Good Friday morning! I don’t know about you, but I am so happy today finally got here. Hello weekend!
I had every intention this morning in having a farewell smoothie, but it’s 55 degrees around here so that idea was nipped in the bud rather quickly. Hello again, oatmeal.
All week I’ve had one song stuck in my head, but in a good way: “I Have Confidence” from The Sound of Music.
Oh, I must stop these doubts,
All these worries.
If I don’t I just know I’ll turn back!
I must dream of the things I am seeking.
I am seeking the courage I lack….
With each step I am more certain,
Everything will turn out fine.
I have confidence,
The world can all be mine!
They’ll have to agree
I have confidence in me.
I have confidence in sunshine,
I have confidence in rain.
I have confidence that spring will come again!
Besides, which you see
I have confidence in me.
Confidence has really been on my mind this week, so why not talk about it?

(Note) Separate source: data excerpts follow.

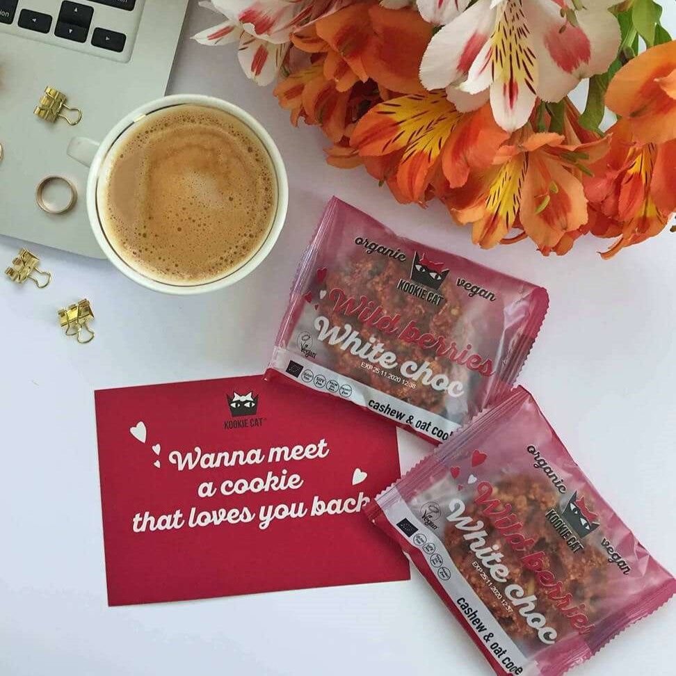 Der Kookie Cat Wildberry-Cookie ist der ideale Begleiter für spontane Naschmomente. Vegan, glutenfrei und ohne raffinierten Zucker - perfekt, für den kleinen Hunger zwischendurch oder um deine Energiereserven wiederaufzuladen!
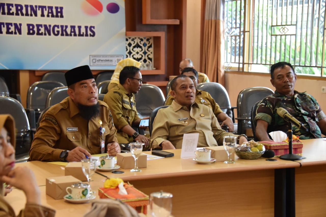 Pada pertemuan kali ini Senin, 8 September 2025, bertempat di Ruang Rapat Hang Jebat Bengkalis, Bupati Bengkalis diwakili Wakil Bupati Bengkalis Dr. H. Bagus Santoso hadir secara zoom meeting sebagai bentuk nyata komitmen Pemerintah Kabupaten Bengkalis untuk terus bersinergi dengan pemerintah pusat dalam menjaga stabilitas ekonomi dan meningkatkan kesejahteraan masyarakat.Rakor yang dipimpin langsung oleh Menteri Dalam Negeri Republik Indonesia, Muhammad Tito Karnavian, ini dihadiri sejumlah pejabat tinggi negara, diantaranya Plt. Deputi II Kepala Staf Kepresidenan Edy Priyono, Menteri Koordinator Pemberdayaan Masyarakat Indonesia Abdul Muhaimin Iskandar, Kepala BPS Amalia Adininggar Widyasanti, Direktur Jenderal Perumahan Perdesaan Kementerian PKP Dr. Drs. Imran, Menteri Pertanian Andi Amran Sulaiman, serta Jaksa Agung Muda Perdata dan Tata Usaha Negara Kejaksaan RI Dr. R. Narendra Jatna.
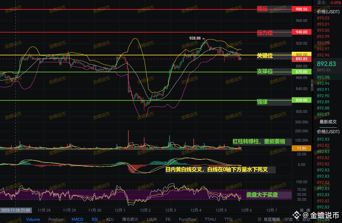 支撑 870、压力 940 是明牌:今晚守住 870,反弹破 900 是板上钉钉;就算砸穿,820 强撑也能兜住。

I feel like confidence can be a tricky thing: too much of it and you’re walking around with a head too big to fit in the doorway, too little of it and you inevitably setting yourself up for failure.

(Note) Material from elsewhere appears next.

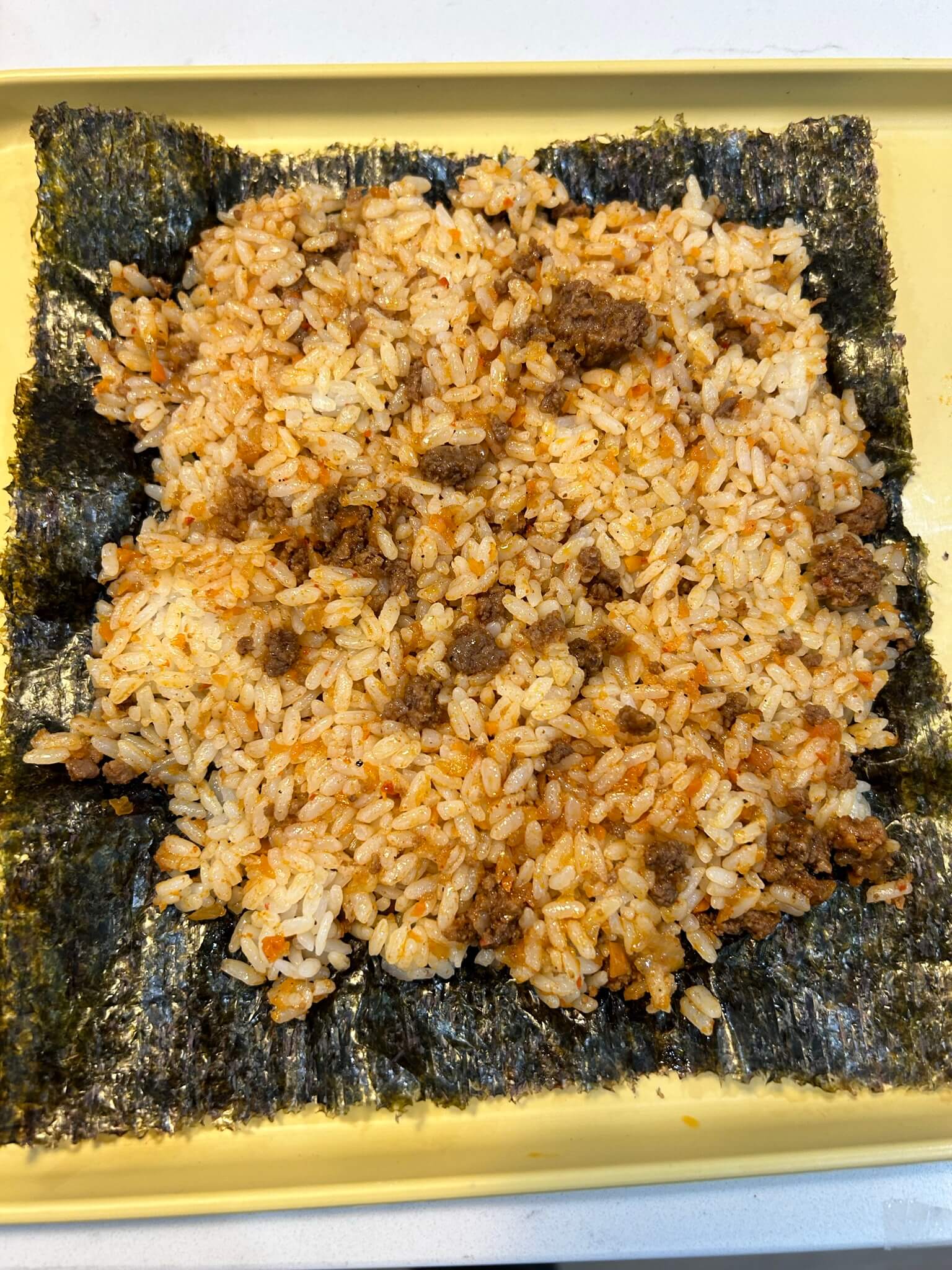 2. 김밥김에 비벼놓은 밥을 골고루 잘 펴줍니다.

Always hold your head up, but be careful to keep your nose at a friendly level. ~Max L. Forman
For me, this is a very fine line to walk, and I usually end up walking more on the setting myself up for failure side. I am my own worst critic, which sometimes leads me into a situation of convincing myself that I can’t do something.
I never want to become one of those people that has so much confidence in themselves that they are arrogant. But I so admire those that have confidence in themselves but are also humble.
In certain areas of my life, I am completely confident. My relationships with my husband, friends and family are areas that I have no doubts or fears. I know in my heart that these people will always be there for me no matter what I say, do, don’t do, or fail at. I am confident in my jobs: I know what is expected of me and how to do it well. I am confident in my faith: although sometimes I don’t understand things fully, my faith keeps me from being overwhelmed by the unknown.
However, in other areas I am not so confident: the ability to fulfill my dreams, both personal and professional. I have deep seeded fears that I don’t have the necessary skills, talents and drive to achieve those things I’ve always pictured for my life.
This week I have been forced to recognize that sometimes you have to take a risk, sometimes you have to take that leap even if you don’t feel confident enough to catch yourself. I just have to trust that if God leads me to take a leap, that He will catch me. He won’t abandon me.
I don’t know yet what this realization means right now: for me, for Josh and I and our life. I only know that I’m learning and growing in confidence of myself and my abilities. Only time will tell exactly where this path will take me. After all, Sister Maria did say: With each step I am more certain, everything will turn out fine.
The best way to gain self-confidence is to do what you are afraid to do. ~Author Unknown
What do you do when your confidence is lacking?
How do you solve a problem like Maria?